WHAT IS REQUIRED ▸
Would you return the listing exactly as written, apart from its pictures?

DATA SHOWN ▸
--*--

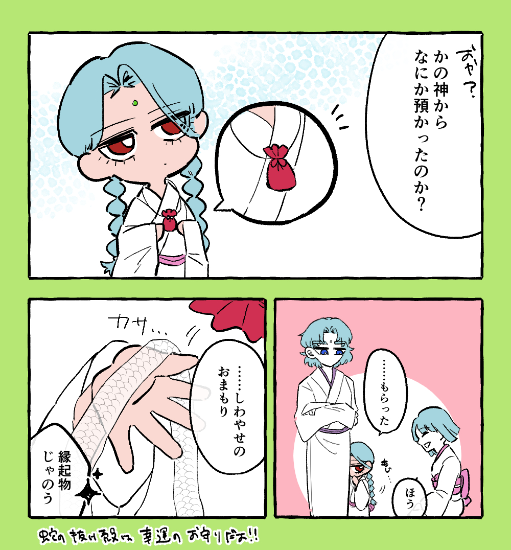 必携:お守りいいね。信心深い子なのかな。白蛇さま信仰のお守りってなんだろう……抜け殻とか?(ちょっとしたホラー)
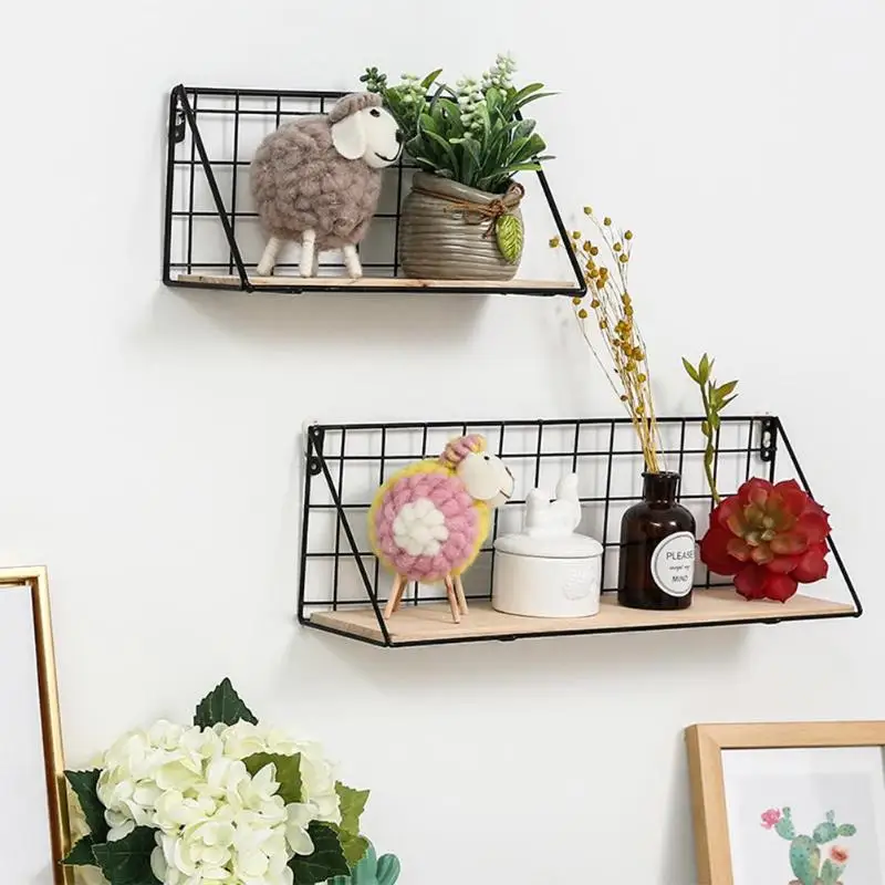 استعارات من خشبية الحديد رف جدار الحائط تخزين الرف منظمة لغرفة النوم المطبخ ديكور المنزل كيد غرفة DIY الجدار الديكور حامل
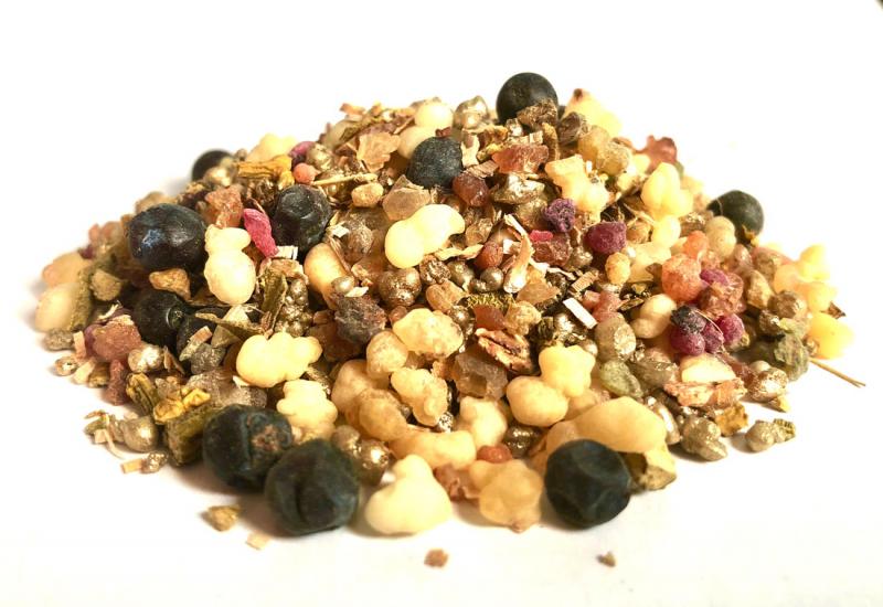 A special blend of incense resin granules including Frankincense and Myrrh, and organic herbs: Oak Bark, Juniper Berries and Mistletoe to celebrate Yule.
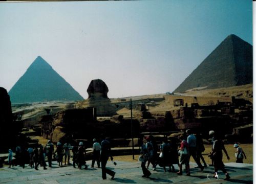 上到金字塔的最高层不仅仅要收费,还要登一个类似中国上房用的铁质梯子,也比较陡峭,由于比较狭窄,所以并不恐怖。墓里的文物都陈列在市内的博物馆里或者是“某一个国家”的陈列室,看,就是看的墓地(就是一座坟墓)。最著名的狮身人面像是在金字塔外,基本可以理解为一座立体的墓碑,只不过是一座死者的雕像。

--*--

ANSWER SECTION ▸
 必携:お守りいいね。信心深い子なのかな。白蛇さま信仰のお守りってなんだろう……抜け殻とか?(ちょっとしたホラー)
 استعارات من خشبية الحديد رف جدار الحائط تخزين الرف منظمة لغرفة النوم المطبخ ديكور المنزل كيد غرفة DIY الجدار الديكور حامل
 A special blend of incense resin granules including Frankincense and Myrrh, and organic herbs: Oak Bark, Juniper Berries and Mistletoe to celebrate Yule.
 上到金字塔的最高层不仅仅要收费,还要登一个类似中国上房用的铁质梯子,也比较陡峭,由于比较狭窄,所以并不恐怖。墓里的文物都陈列在市内的博物馆里或者是“某一个国家”的陈列室,看,就是看的墓地(就是一座坟墓)。最著名的狮身人面像是在金字塔外,基本可以理解为一座立体的墓碑,只不过是一座死者的雕像。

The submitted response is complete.